<古畑任三郎>が鹿賀丈史“中川”の職業を見抜いた酢豚弁当…「殺人特急」レビュー

2024/07/02 18:30 配信

ドラマ レビュー

警部補・古畑任三郎(第1シリーズ)(C)フジテレビ/共同テレビ

食べ終わった駅弁の結び目を見てピンと来た古畑


この回の古畑は、特急車内に偶然居合わせた警部補というシチュエーションのため、次の駅までに犯人特定を急ぐスピーディーさも求められ、普段以上に真剣な表情や焦る様子などが渋く、カッコいい。車掌に「何かあったの? 警察の者だ」と話しかけ、死体を発見した場面から、“車内で食べるみかんは手に匂いが残ること”や、“リクライニングシートを後ろに下げる際にコワい反社会的男性が座っていて遠慮せざるを得ない”、“駅弁”など“電車あるある”をたくさん使ったトリックの数々が楽しめる。

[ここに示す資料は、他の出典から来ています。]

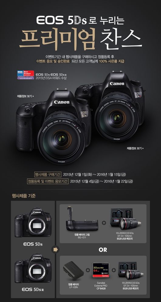 이벤트 참여 방법은 2016년 1월 15일까지 EOS 5Ds 또는 EOS 5Ds R을 구매 후 2016년 1월 22일까지 캐논 공식 홈페이지에 정품 등록 및 이벤트 응모를 완료하면 된다. 이벤트 참가자 전원에게 리미티드 에디션으로 제작된 'EOS 5Ds의 미니어처 8GB USB 메모리'와 함께 '정품 배터리 그립(BG-E11)' 또는 '정품 배터리(LP-E6N)와 64GB CF 메모리'의 구성 중 고객이 직접 선택한 사은품을 추가 제공한다.

細かい内容すべては書き記せないが“駅弁”だけ解説しよう。

古畑の好物は酢豚である。それは車内の売店で「ないなぁ! 酢豚弁当が欲しいんだけどなぁ」「酢豚どれ? 君たち知らないの? 有名な酢豚弁当」と珍しく店員に声を荒げる古畑の姿を見ても明確だ。酢豚に対する熱い思いは他の回でも時折語られるほどである。今回中川を「お医者様でいらっしゃいますよね?」と職業を見抜いて追い込んでいったのは、中川が食べ終わったスタミナ酢豚弁当の包みに古畑が着目したことからだった。「一番上の兄が京大付属病院で医者をやってまして」と外科医特有のヒモの結び方を指摘。「医師ならば3分間で(殺したい相手を)クロロホルムで眠らせて、くるぶしに注射をして、コートを脱がせることが可能ですか?」と殺害行為の実証を試す実験に中川を参加させたのだ。

古畑は女性の犯人には終始紳士的な捜査をするが、男性には手厳しく容赦しないところがある。第8話は切れ味鋭い古畑の推理を堪能できることだろう。